This same approach can be made using methods annotated with @Bean. This is possible since @Profile also works on methods with the @Bean annotation.

As I said earlier, I would be against using an architecture like this. I would instead use the @ConfigurationProperties annotation along with profile-specific config files.

This way, we can use an externalized configuration for future flexibility. We could even shorten this to one class using some profile-specific config files in this new approach.

Using the environment bean

Spring Boot also provides a pre-made bean of type Environment for you. This bean can be used to find the active profiles and get config variables.

I have rarely used this bean since there are better ways to get config variables. I have also scarcely found myself needing to know within my code what environment I am in.

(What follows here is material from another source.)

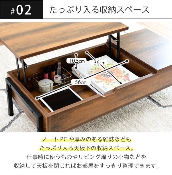 美しさと機能性を兼ね備えた、シンプルながらも深みのあるデザインのリフティングテーブル。普段は天板を閉じてリフティングテーブルとして。天板を上げるとフロアに座って作業するのにちょうどいい高さに。わざわざデスクを置かなくても在宅ワークに対応できるテーブルです。

As such, we won’t go into much detail about this class, especially since you can easily read the documentation.

There was, however, one small use case I found for this bean.

For a particular service I was creating, I made a list only accessible within the class. Although for testing, I wanted to be able to alter and view the state of that list.

As a solution, I used the environment bean like so:

package me.john.amiscaray.demo.service;

import org.springframework.core.env.Environment;
import org.springframework.stereotype.Service;
import java.util.ArrayList;
import java.util.Arrays;
import java.util.List;

@Service
public class ExampleService {

    private final Environment environment;
    private final List<String> privateList = new ArrayList<>();

    public ExampleService(Environment environment){
        this.environment = environment;
    }

    /**
    * Returns the list for testing purposes. If not in the test environment, throw an exception.
    * @return the private list
    * @throws IllegalAccessException if called in a non-test environment
    */
    public List<String> getPrivateList() throws IllegalAccessException {
        if(!Arrays.asList(environment.getActiveProfiles()).contains("test")){
            throw new IllegalAccessException("This is only available in test environments");
        }
        return privateList;
    }

}

Overall, while not that useful, it can be handy to know this bean exists for small use cases like this.

Conclusion

In this guide, we looked at configuring your Spring Boot application to handle changes in environments. We looked at how Spring Boot represents environments (as profiles) and ways to change your app’s behavior based on it.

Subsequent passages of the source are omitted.